Between the months of July and December 2009, PKS 0528+134 reached a state of quiescence. When observed by astronomers, they found no traces of either significant flux or spectral variability in most radio bands although flux variability was discovered in optical regime, followed by a weak pattern of spectral softening. This suggests the accretion disk of PKS 0528+134 might play a role at the optical spectrum's blue end. Optical spectropolarimetry also suggests PKS 0528+134 has an extreme degree of polarization, indicating possibility of synchrotron radiation providing emission at the optical spectrum's red end.
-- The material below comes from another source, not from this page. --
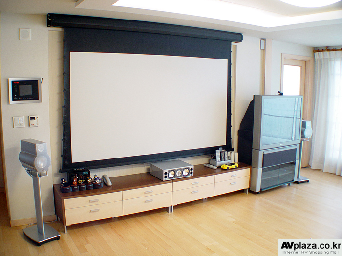 전면에 스크린은 렉스비전의 100인치 하이비전 전동 텐션 스크린입니다.
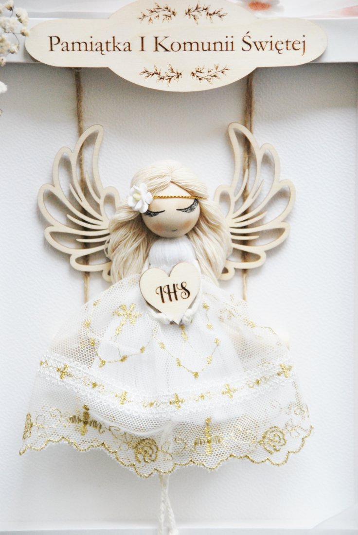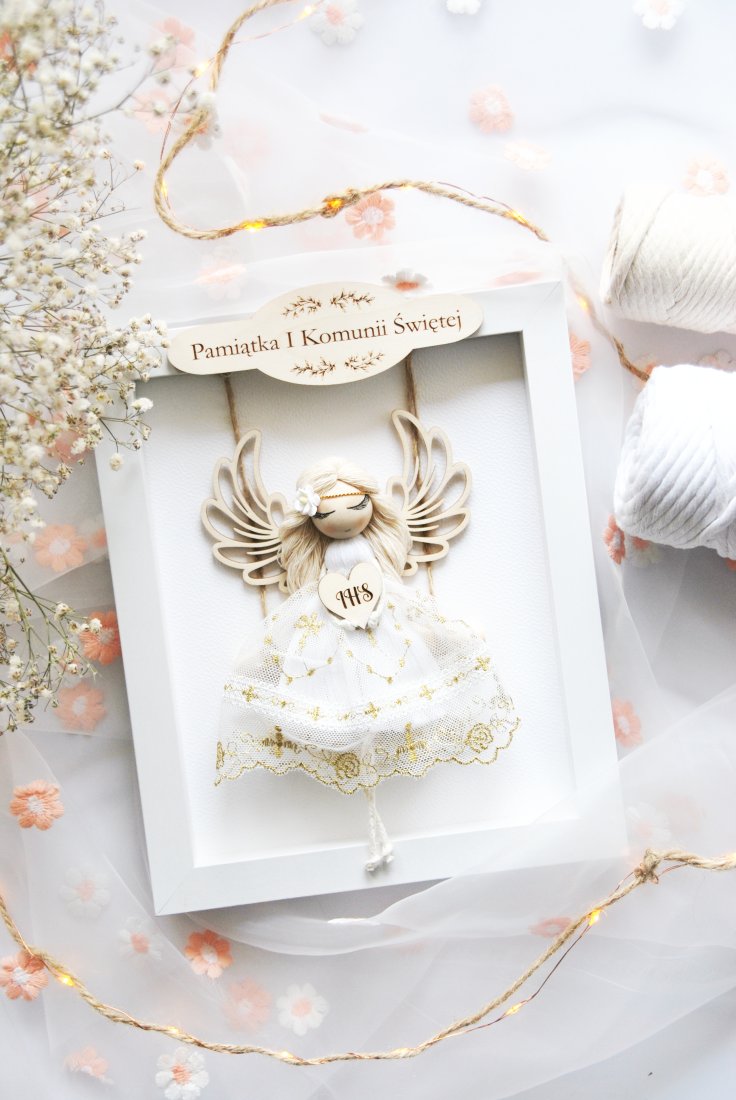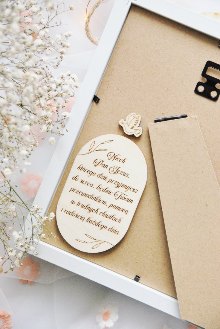 Całość zamknięta jest w estetycznej, jasnej ramce z napisem Pamiątka I Komunii Świętej. To upominek, który z dumą można postawić na półce lub powiesić w dziecięcym pokoju, gdzie każdego dnia będzie przypominał o wartościach, wierze i miłości najbliższych.

Radio images made by the Very Long Baseline Interferometry at 22 GHz shows radio structure of PKS 0528+134 as a 5 mas extended one-sided jet with a more diffused northwest component at a position angle of 50° and two other components located in the west direction of various distances. At 43 GHz, the structure is further resolved into five components showing superluminal motions reaching high as 23 h^{−1} with increasing motions per distance from the core. An inverted core spectrum is also discovered. Very Long Baseline Array finds three of its components shows progressive acceleration with a strongly polarized northern knot feature. A new component is also found at higher frequencies.

The supermassive black hole mass of PKS 0528+134 is estimated to be 85 × 10^{8} M_{☉} based on an equation calculation integrated between the values of 3 and 30 MeV via flux measurements made by the Imaging Compton Telescope. A luminosity value of 4.1 × 10^{49} ergs has also been calculated for the object as well.